- [Task requirements]:
Make an exact copy of the data below, leaving out every picture.

- [Dataset extract]:
___
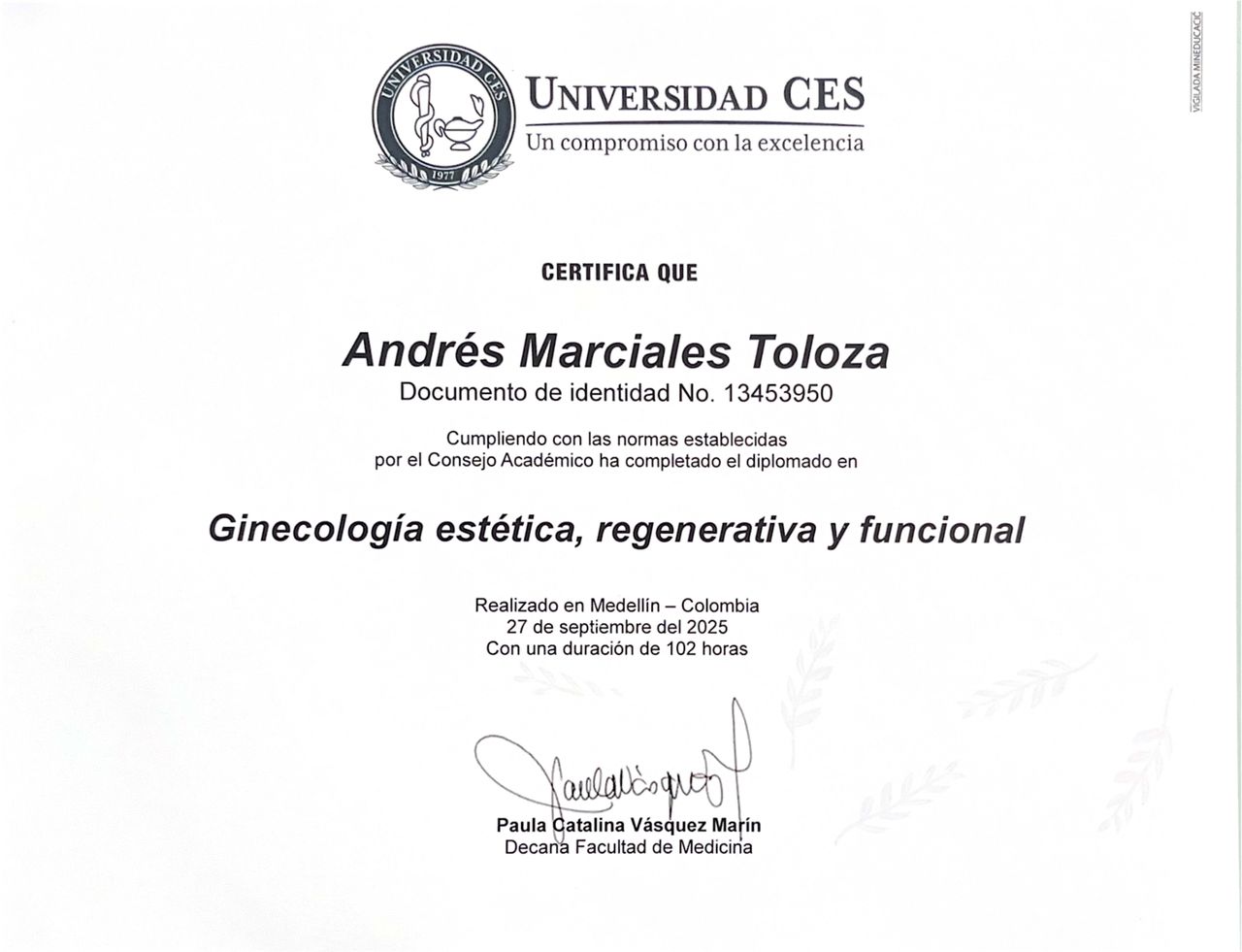COLPOSCOPISTA de la Universidad Militar Nueva Granada, especialista en detección temprana de cáncer de cuello uterino, control y tratamientos para los síntomas y afección causada por ectopias, cervicitis crónica y virus de papiloma humano.
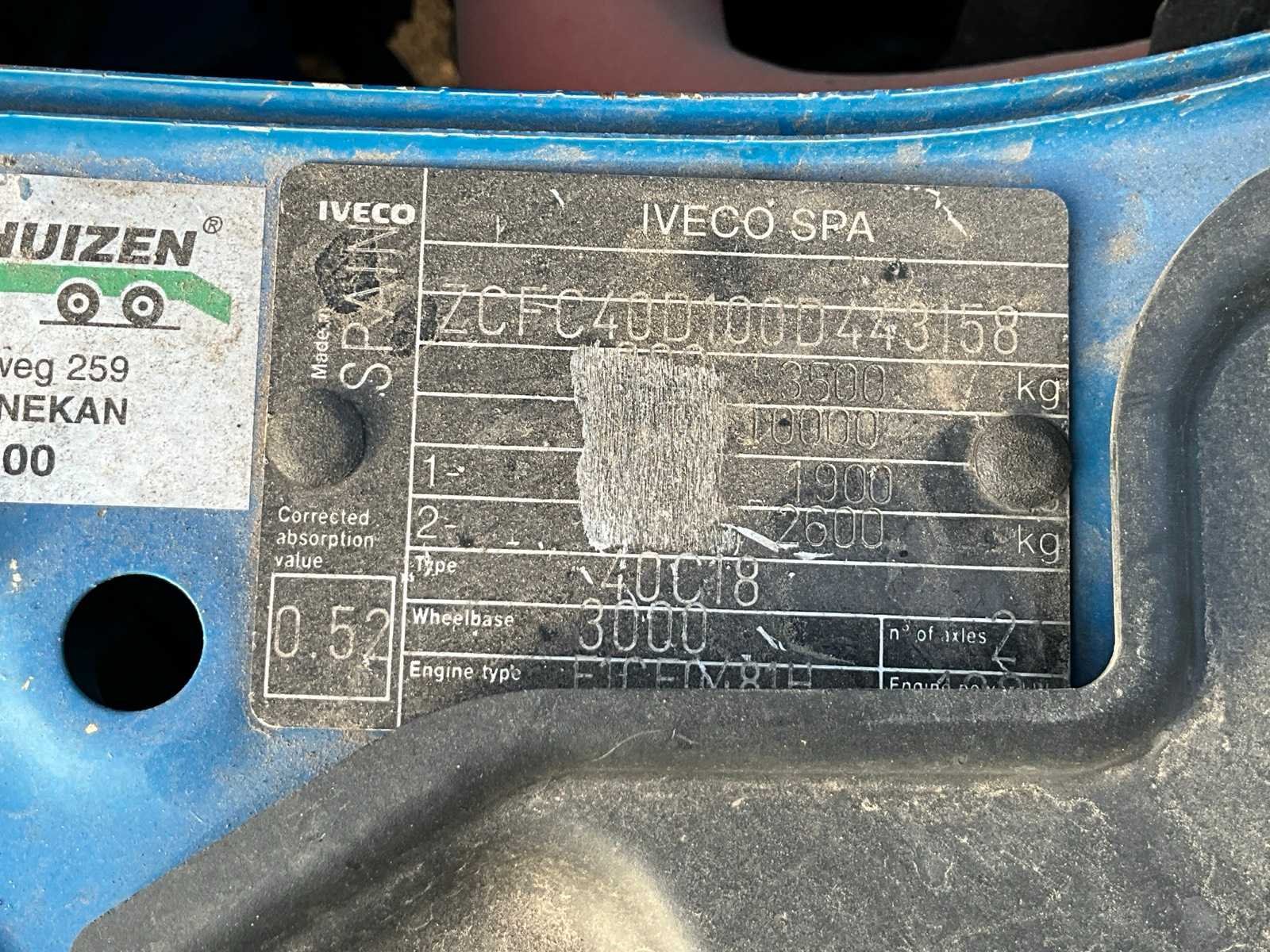 Kenteken: 6-VPL-59 Merk: Iveco Type: 40C18/T Model: Daily Bouwjaar: 2011 Chassisnummer: ZCFC40D100D443158 Afgelezen kilometerstand: 176840km Cilinderinhoud: 2998cc Vermogen (kW): 130kW Brandstof: diesel Datum eerste toelating: 2011-08-12 Datum eerste toelating (NL): 2011-08-12 APK vervaldatum: 2025-12-05 NAP status: Logisch Transmissie: Handgeschakeld Aantal zitplaatsen: 3 Kleur: niet van toepassing Accessoires - checkbox: Geveerde bestuurdersstoel, tachograaf, CD-speler, radio Bruto BPM (NL): 12115 Rest BPM: 0 Aantal deuren: 0 Aantal sleutels: 1 Ledig gewicht: 2020kg Laadvermogen: 1480kg Vermogen (pk): 177 Aantal cilinders: 4 Velgmaat: 16 Carrosserie: opleggertrekker Emissieklasse: 4 Maximaal trekgewicht ongeremd: 750
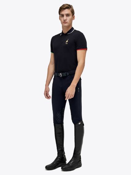 Dieses kurzärmelige Herren-Polo besteht aus weicher, atmungsaktiver Baumwolle, die den besten Komfort für Training oder Freizeitkleidung bietet. Veredelt wird es durch die italienische Flagge und das FISE-Logo auf der Brust und durch einen gestickten Schriftzug auf der Rückseite. Der Kragen wird durch drei kleine Knöpfe geschlossen. Das pflegeleichte Material lässt sich in der Maschine waschen und trocknet schnell, ideal für häufigen Gebrauch.
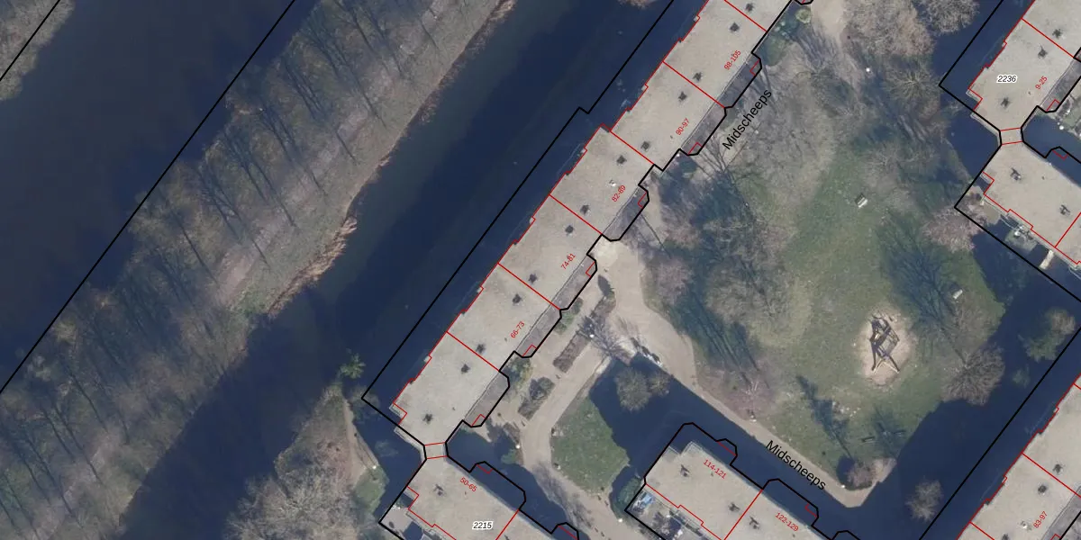 Midscheeps 75 is gelegen op kadastraal perceel ASD36AQ2215. Deze kadastrale aanduiding is uniek en wordt gebruikt door het Kadaster om eigendomsrechten en andere zakelijke rechten vast te leggen. Het perceel maakt onderdeel uit van de kadastrale gemeente Amsterdam.
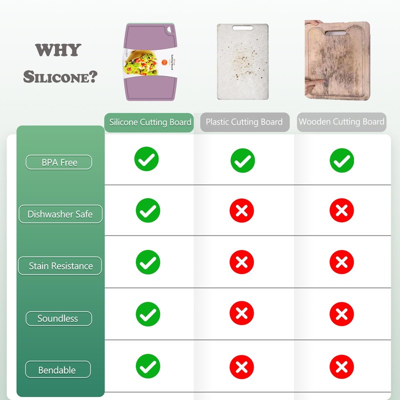 - 【HEALTHY &SAFE】: Certificated food safe Food-Grade Silicone. Heat resistant -40°F to 482°F(-40°C to 250°C) ,our silicone cutting boards and mats made from premium quality silicone is non-slip, heat proof and dishwasher safe.
___
- [Answer area]:
COLPOSCOPISTA de la Universidad Militar Nueva Granada, especialista en detección temprana de cáncer de cuello uterino, control y tratamientos para los síntomas y afección causada por ectopias, cervicitis crónica y virus de papiloma humano.
 Kenteken: 6-VPL-59 Merk: Iveco Type: 40C18/T Model: Daily Bouwjaar: 2011 Chassisnummer: ZCFC40D100D443158 Afgelezen kilometerstand: 176840km Cilinderinhoud: 2998cc Vermogen (kW): 130kW Brandstof: diesel Datum eerste toelating: 2011-08-12 Datum eerste toelating (NL): 2011-08-12 APK vervaldatum: 2025-12-05 NAP status: Logisch Transmissie: Handgeschakeld Aantal zitplaatsen: 3 Kleur: niet van toepassing Accessoires - checkbox: Geveerde bestuurdersstoel, tachograaf, CD-speler, radio Bruto BPM (NL): 12115 Rest BPM: 0 Aantal deuren: 0 Aantal sleutels: 1 Ledig gewicht: 2020kg Laadvermogen: 1480kg Vermogen (pk): 177 Aantal cilinders: 4 Velgmaat: 16 Carrosserie: opleggertrekker Emissieklasse: 4 Maximaal trekgewicht ongeremd: 750
 Dieses kurzärmelige Herren-Polo besteht aus weicher, atmungsaktiver Baumwolle, die den besten Komfort für Training oder Freizeitkleidung bietet. Veredelt wird es durch die italienische Flagge und das FISE-Logo auf der Brust und durch einen gestickten Schriftzug auf der Rückseite. Der Kragen wird durch drei kleine Knöpfe geschlossen. Das pflegeleichte Material lässt sich in der Maschine waschen und trocknet schnell, ideal für häufigen Gebrauch.
 Midscheeps 75 is gelegen op kadastraal perceel ASD36AQ2215. Deze kadastrale aanduiding is uniek en wordt gebruikt door het Kadaster om eigendomsrechten en andere zakelijke rechten vast te leggen. Het perceel maakt onderdeel uit van de kadastrale gemeente Amsterdam.
 - 【HEALTHY &SAFE】: Certificated food safe Food-Grade Silicone. Heat resistant -40°F to 482°F(-40°C to 250°C) ,our silicone cutting boards and mats made from premium quality silicone is non-slip, heat proof and dishwasher safe.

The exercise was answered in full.